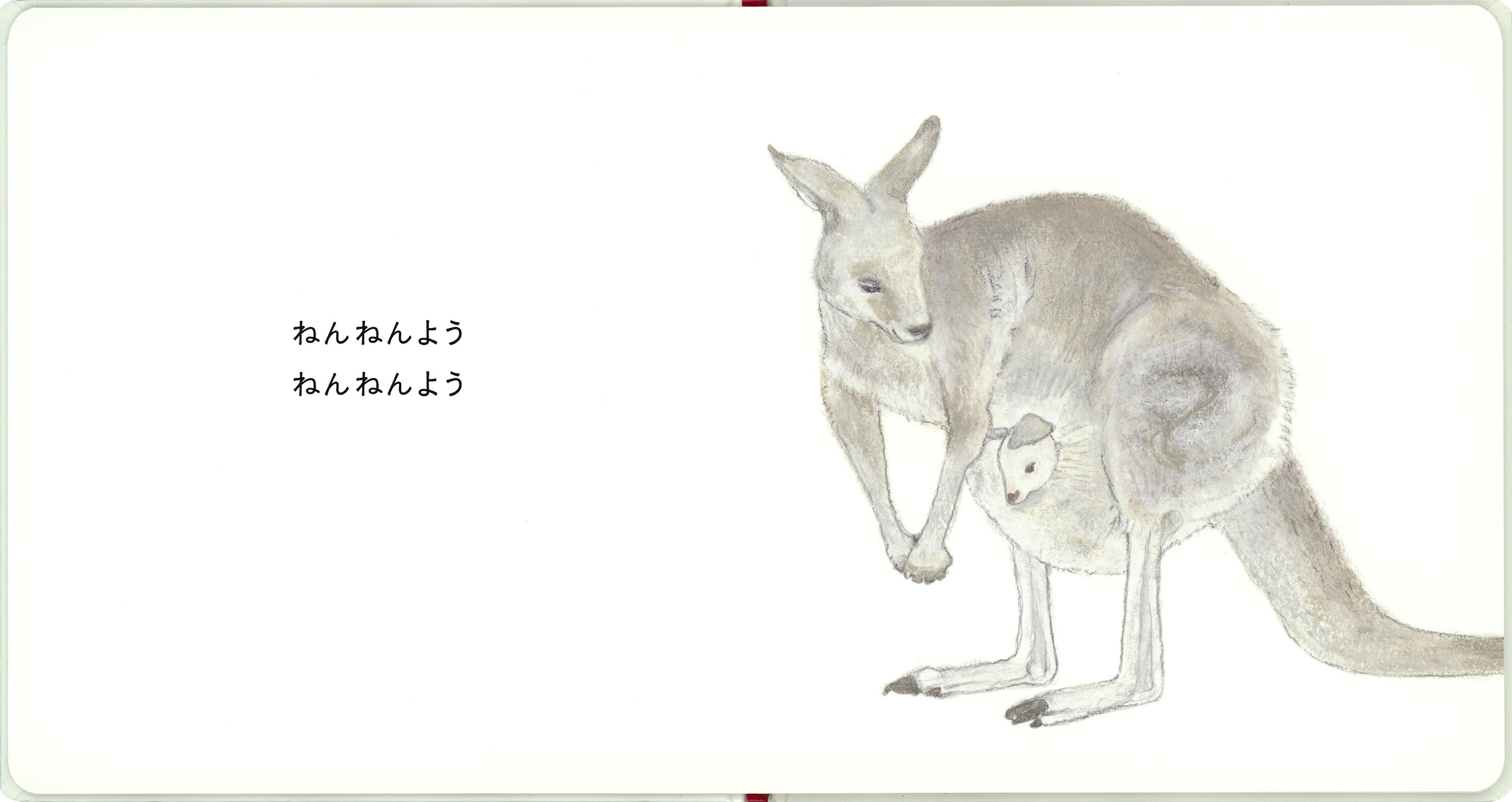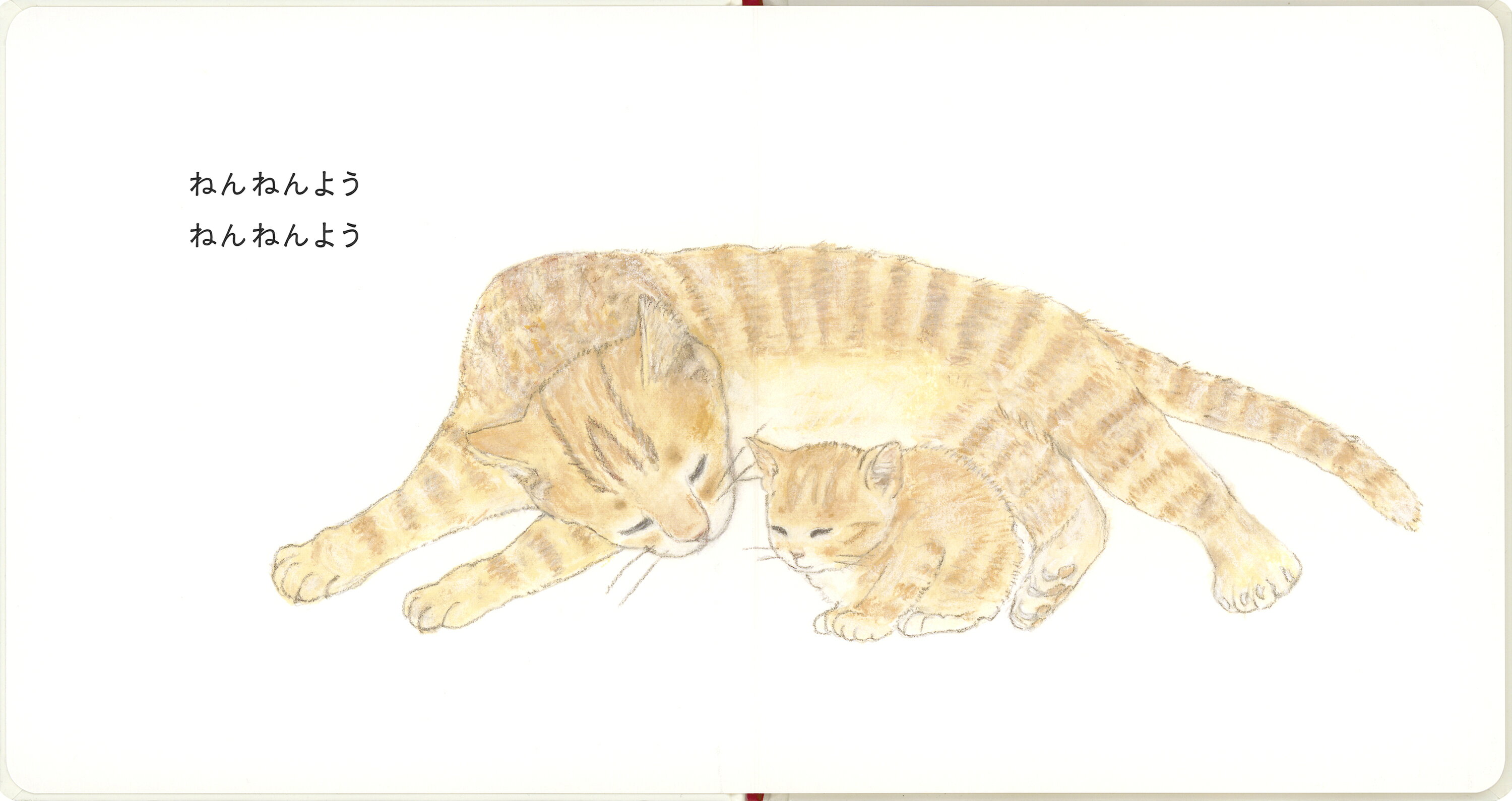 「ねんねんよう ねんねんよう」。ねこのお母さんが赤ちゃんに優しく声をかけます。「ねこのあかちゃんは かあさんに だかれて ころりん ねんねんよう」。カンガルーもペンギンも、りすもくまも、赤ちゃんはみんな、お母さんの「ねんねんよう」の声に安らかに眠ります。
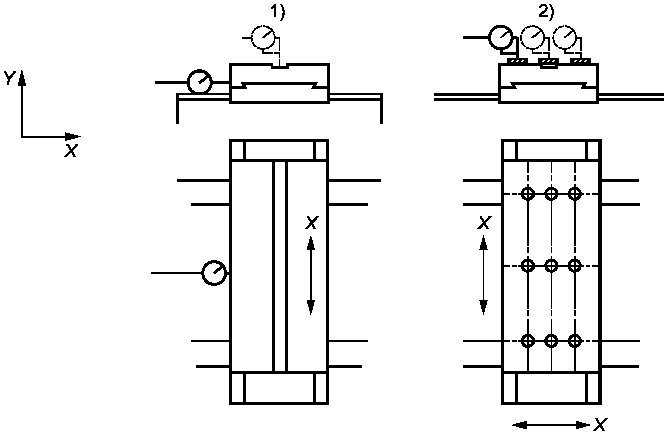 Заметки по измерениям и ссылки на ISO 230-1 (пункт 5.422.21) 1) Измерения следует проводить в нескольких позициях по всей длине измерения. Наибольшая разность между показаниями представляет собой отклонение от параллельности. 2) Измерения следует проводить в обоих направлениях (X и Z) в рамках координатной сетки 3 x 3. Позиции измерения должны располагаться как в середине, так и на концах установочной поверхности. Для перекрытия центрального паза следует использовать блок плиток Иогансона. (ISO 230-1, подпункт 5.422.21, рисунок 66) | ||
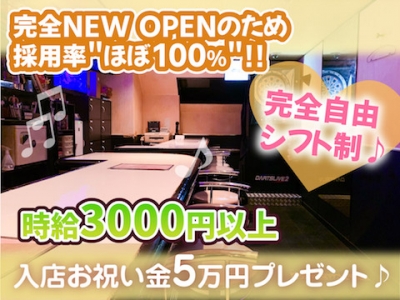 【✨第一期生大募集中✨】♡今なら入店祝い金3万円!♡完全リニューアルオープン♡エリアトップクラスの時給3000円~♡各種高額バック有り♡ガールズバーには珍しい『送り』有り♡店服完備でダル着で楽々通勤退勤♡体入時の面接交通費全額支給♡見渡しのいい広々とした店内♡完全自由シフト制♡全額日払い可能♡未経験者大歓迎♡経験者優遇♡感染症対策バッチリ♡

####

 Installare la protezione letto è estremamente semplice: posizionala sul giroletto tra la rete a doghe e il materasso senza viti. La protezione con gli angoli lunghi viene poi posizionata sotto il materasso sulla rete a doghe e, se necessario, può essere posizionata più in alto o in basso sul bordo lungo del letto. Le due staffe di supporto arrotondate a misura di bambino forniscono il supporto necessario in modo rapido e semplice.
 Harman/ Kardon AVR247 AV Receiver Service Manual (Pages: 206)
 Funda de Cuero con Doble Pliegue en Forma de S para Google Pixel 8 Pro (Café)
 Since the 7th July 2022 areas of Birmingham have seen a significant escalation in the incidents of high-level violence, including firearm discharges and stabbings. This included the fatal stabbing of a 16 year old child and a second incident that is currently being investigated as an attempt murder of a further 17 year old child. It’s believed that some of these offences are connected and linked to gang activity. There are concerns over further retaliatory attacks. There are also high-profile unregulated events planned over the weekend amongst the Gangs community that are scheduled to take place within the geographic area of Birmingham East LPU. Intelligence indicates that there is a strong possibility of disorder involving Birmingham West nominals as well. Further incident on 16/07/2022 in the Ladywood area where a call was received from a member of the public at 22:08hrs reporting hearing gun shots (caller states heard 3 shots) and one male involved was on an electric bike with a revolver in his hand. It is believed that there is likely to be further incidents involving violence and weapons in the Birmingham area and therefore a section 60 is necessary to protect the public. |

####

**Task description**.
Your answer must be everything above from the line with "ねんねんよう」。ねこのお母さんが赤ちゃんに優しく声をかけます。「ねこのあかちゃんは かあさんに だかれて" down to the line with "Заметки по измерениям", word for word, and no pictures.

**Result of this task**.
 「ねんねんよう ねんねんよう」。ねこのお母さんが赤ちゃんに優しく声をかけます。「ねこのあかちゃんは かあさんに だかれて ころりん ねんねんよう」。カンガルーもペンギンも、りすもくまも、赤ちゃんはみんな、お母さんの「ねんねんよう」の声に安らかに眠ります。
 Заметки по измерениям и ссылки на ISO 230-1 (пункт 5.422.21) 1) Измерения следует проводить в нескольких позициях по всей длине измерения. Наибольшая разность между показаниями представляет собой отклонение от параллельности. 2) Измерения следует проводить в обоих направлениях (X и Z) в рамках координатной сетки 3 x 3. Позиции измерения должны располагаться как в середине, так и на концах установочной поверхности. Для перекрытия центрального паза следует использовать блок плиток Иогансона. (ISO 230-1, подпункт 5.422.21, рисунок 66) | ||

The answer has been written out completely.